» Work instructions: The answer should hold only the lines from the one that contains "喬科維奇在八強賽的對手是義大利小將穆薩提 (Lorenzo Musetti)。穆薩提在比賽中表現出色,先以" through the last line of the material, repeated exactly, without pictures.

» Data:
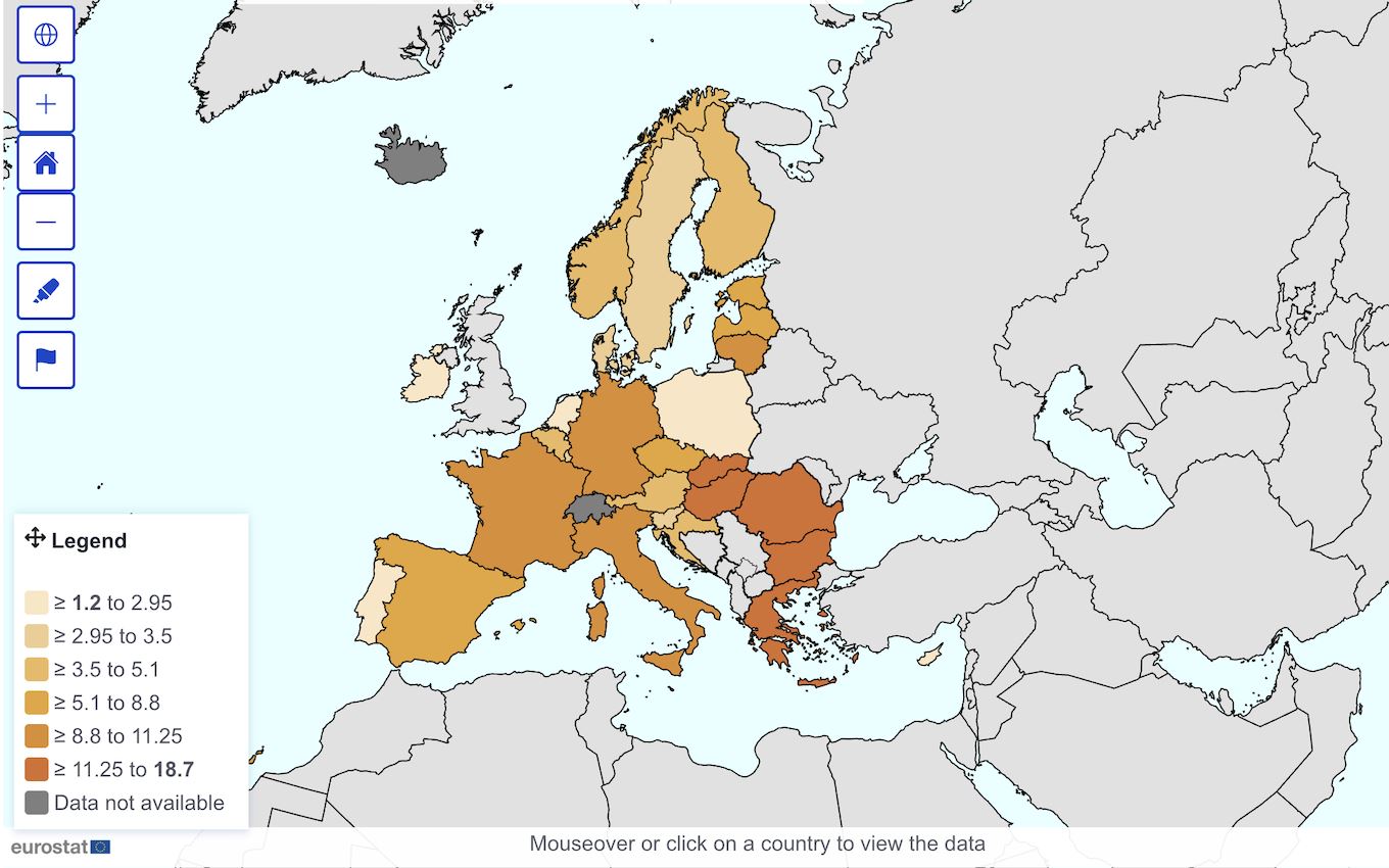 EurostatJedlo je pritom jedným z najzákladnejších ukazovateľov životnej úrovne. Práve to, či si domácnosti môžu pravidelne dovoliť jedlá bohaté na bielkoviny, vitamíny a minerály, slúži na hodnotenie úspešnosti boja proti chudobe a sociálnemu vylúčeniu naprieč úniou. Dáta ukazujú, že nejde len o problém marginálnych skupín ľudí bez práce, ale stále častejšie sa týka aj rodín s deťmi a pracujúcich, ktorí sa dostávajú do pasce vysokých cien potravín, bývania či energií.
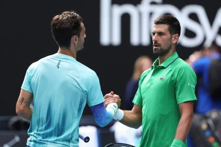 喬科維奇在八強賽的對手是義大利小將穆薩提 (Lorenzo Musetti)。穆薩提在比賽中表現出色,先以 6 比 4、6 比 3 拿下前兩盤,取得領先優勢。然而,在第三盤進行到 3 比 1 時,穆薩提因傷宣布退賽,讓喬科維奇不戰而勝,晉級四強。這場比賽充滿戲劇性,喬科維奇在面臨淘汰邊緣時,幸運地獲得晉級機會。
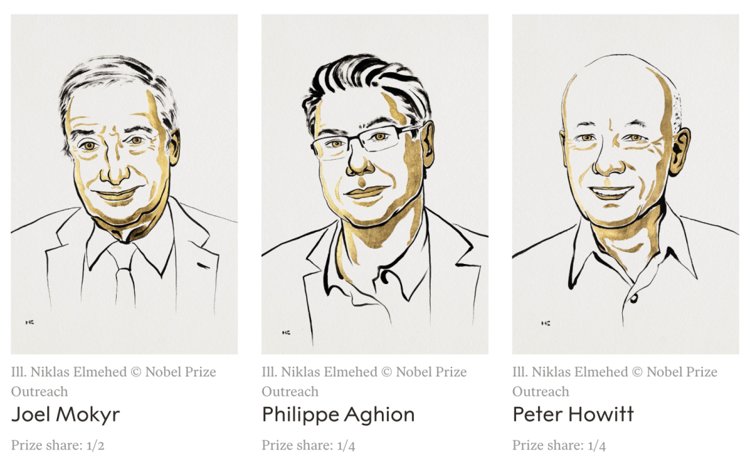 另一半,由法兰西学院与伦敦政治经济学院的经济学家菲利普·阿吉翁(Philippe Aghion),以及布朗大学经济学家彼得·豪伊特(Peter Howitt)分享。

» Reply to the task:
 喬科維奇在八強賽的對手是義大利小將穆薩提 (Lorenzo Musetti)。穆薩提在比賽中表現出色,先以 6 比 4、6 比 3 拿下前兩盤,取得領先優勢。然而,在第三盤進行到 3 比 1 時,穆薩提因傷宣布退賽,讓喬科維奇不戰而勝,晉級四強。這場比賽充滿戲劇性,喬科維奇在面臨淘汰邊緣時,幸運地獲得晉級機會。
 另一半,由法兰西学院与伦敦政治经济学院的经济学家菲利普·阿吉翁(Philippe Aghion),以及布朗大学经济学家彼得·豪伊特(Peter Howitt)分享。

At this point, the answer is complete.